======== DATA EXTRACT ========

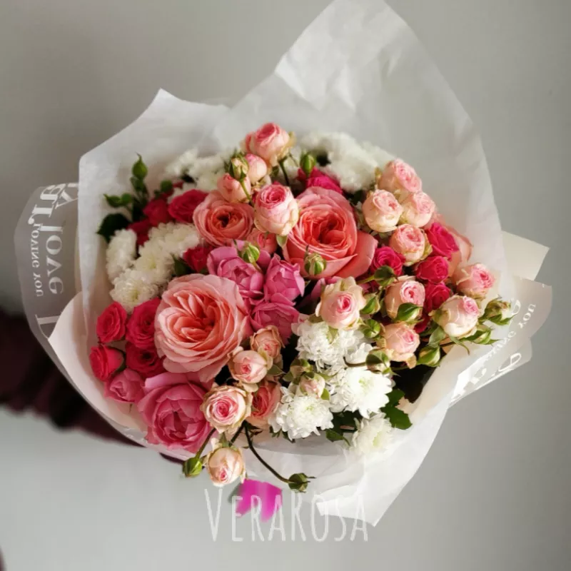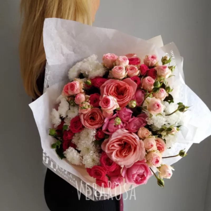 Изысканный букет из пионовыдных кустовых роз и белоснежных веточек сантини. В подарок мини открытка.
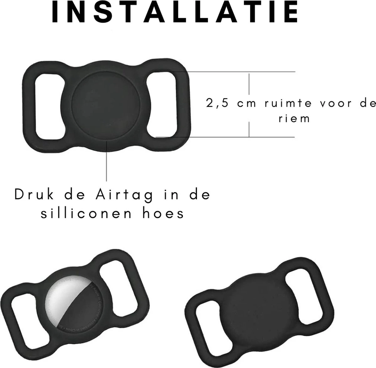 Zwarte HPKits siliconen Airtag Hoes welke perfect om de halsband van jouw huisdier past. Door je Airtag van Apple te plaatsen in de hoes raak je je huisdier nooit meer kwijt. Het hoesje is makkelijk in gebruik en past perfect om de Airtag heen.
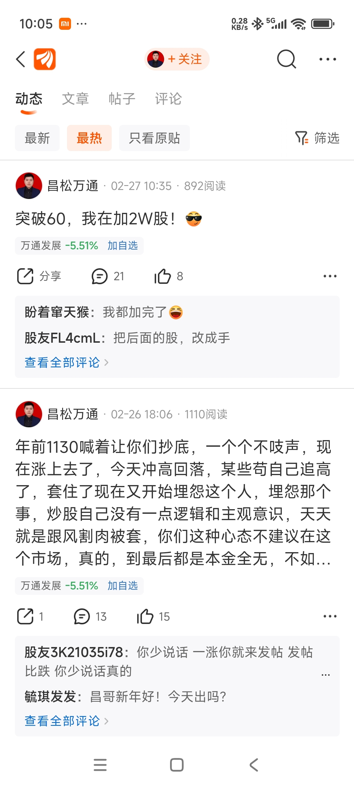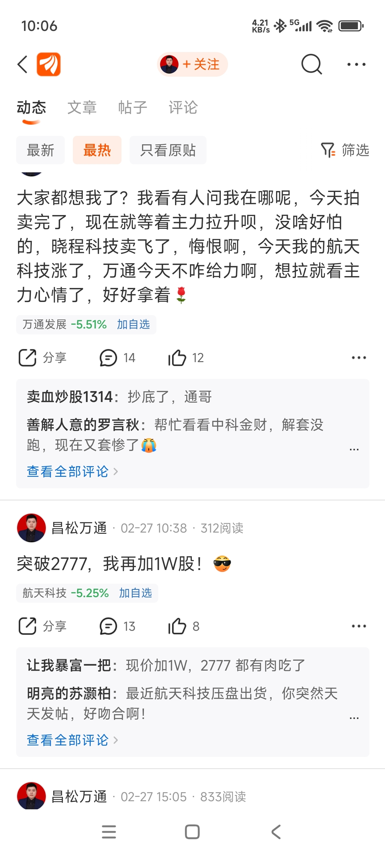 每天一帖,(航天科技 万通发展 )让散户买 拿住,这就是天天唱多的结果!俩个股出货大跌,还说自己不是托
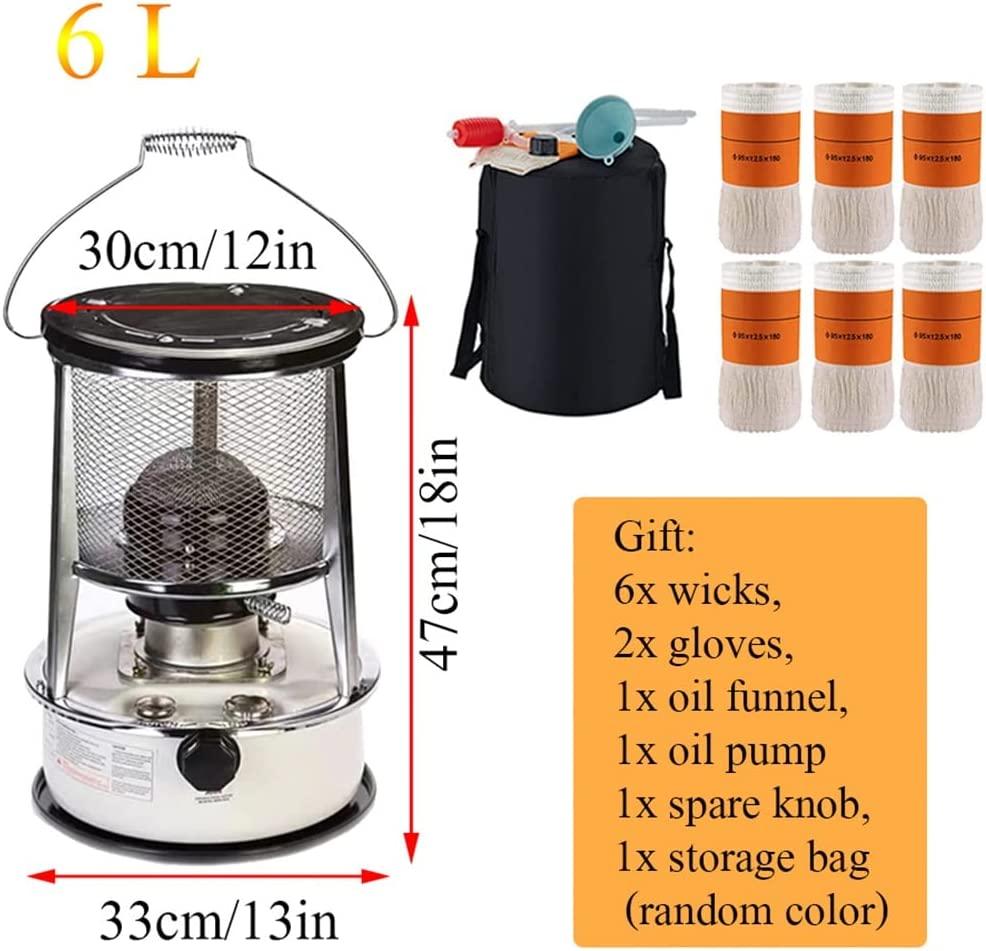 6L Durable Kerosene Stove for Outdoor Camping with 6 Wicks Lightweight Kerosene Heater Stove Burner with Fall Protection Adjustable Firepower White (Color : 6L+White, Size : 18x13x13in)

========

TO DO:
No picture is to be included when the lines from the one containing "每天一帖,(航天科技 万通发展 )让散户买" through the end of the material above are output exactly; nothing else is written.

RESPONSE:
 每天一帖,(航天科技 万通发展 )让散户买 拿住,这就是天天唱多的结果!俩个股出货大跌,还说自己不是托
 6L Durable Kerosene Stove for Outdoor Camping with 6 Wicks Lightweight Kerosene Heater Stove Burner with Fall Protection Adjustable Firepower White (Color : 6L+White, Size : 18x13x13in)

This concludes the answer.